- Created by: Jon Naismith Graeme Garden Ali Crockatt David Scott
- Directed by: Barbara Wiltshire
- Presented by: Alexander Armstrong
- Starring: Rory Bremner Debra Stephenson
- Country of origin: United Kingdom
- Original language: English
- No. of series: 1
- No. of episodes: 7

Production
- Producer: Ruth Wallace
- Running time: 40 minutes
- Production companies: Big Talk Productions Random Entertainment

Original release
- Network: ITV
- Release: 2 September – 28 December 2018

= The Imitation Game (TV series) =

The Imitation Game is a British television game show presented by Alexander Armstrong and starring the impressionists Rory Bremner and Debra Stephenson.

== Overview ==
Each week, two teams (captained by Rory Bremner and Debra Stephenson) go head-to-head re-enacting iconic movie scenes, revoice news footage, cover songs and celebrity voiceovers.
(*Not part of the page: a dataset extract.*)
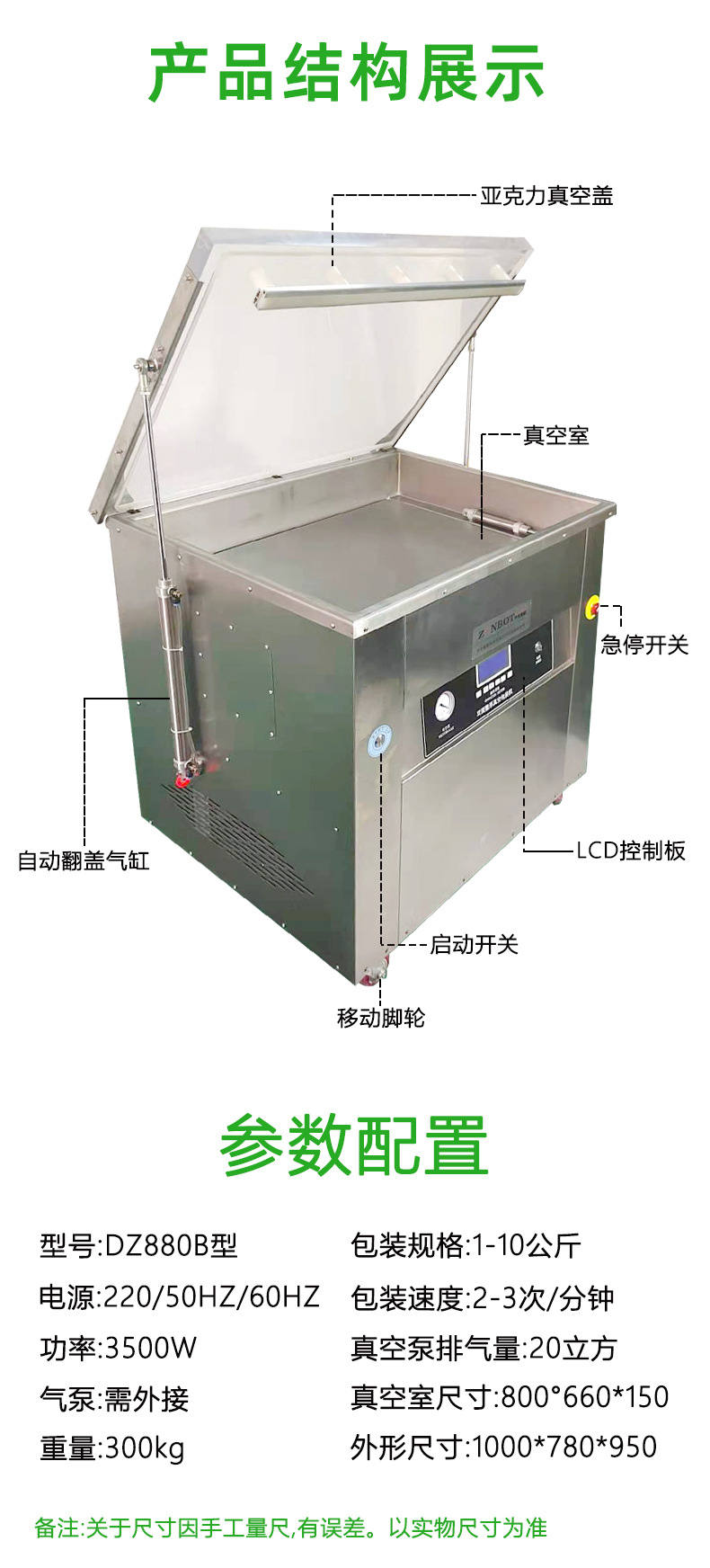 • 包括熱封條和壓力裝置。熱封條通常由加熱絲和耐高溫的材料構(gòu)成,當(dāng)真空包裝完成后,熱封條在壓力裝置的作用下,對(duì)包裝袋進(jìn)行加熱密封。壓力裝置能夠提供均勻的壓力,使封口牢固,防止空氣泄漏。封口系統(tǒng)的溫度和壓力可以根據(jù)包裝材料的類型和厚度進(jìn)行調(diào)節(jié)。

The impressions bring celebrities - such as Donald Trump and Holly Willoughby, Boris Johnson and Adele, and Russell Brand and Mary Berry - together into unexpected situations.

== Episodes ==

| No. | Guests | Original release date |
|---|---|---|
| 1 | Jess Robinson, Luke Kempner, Christopher Biggins | 2 September 2018 |
| 2 | Jon Culshaw, Christina Bianco, Julian Clary | 9 September 2018 |
| 3 | Jan Ravens, Anil Desai | 16 September 2018 |
| 4 | Kate Robbins, Luke Kempner, Kim Woodburn | 23 September 2018 |
| 5 | Jess Robinson, Lewis MacLeod | 30 September 2018 |
| 6 | Alistair McGowan, William Hague | 7 October 2018 |
| 7 | Highlights show | 28 December 2018 |

== Controversy ==
Rory Bremner revealed in August 2018 that ITV producers had removed an impression of presenter Dale Winton from the programme, after he was found dead at his London home in April.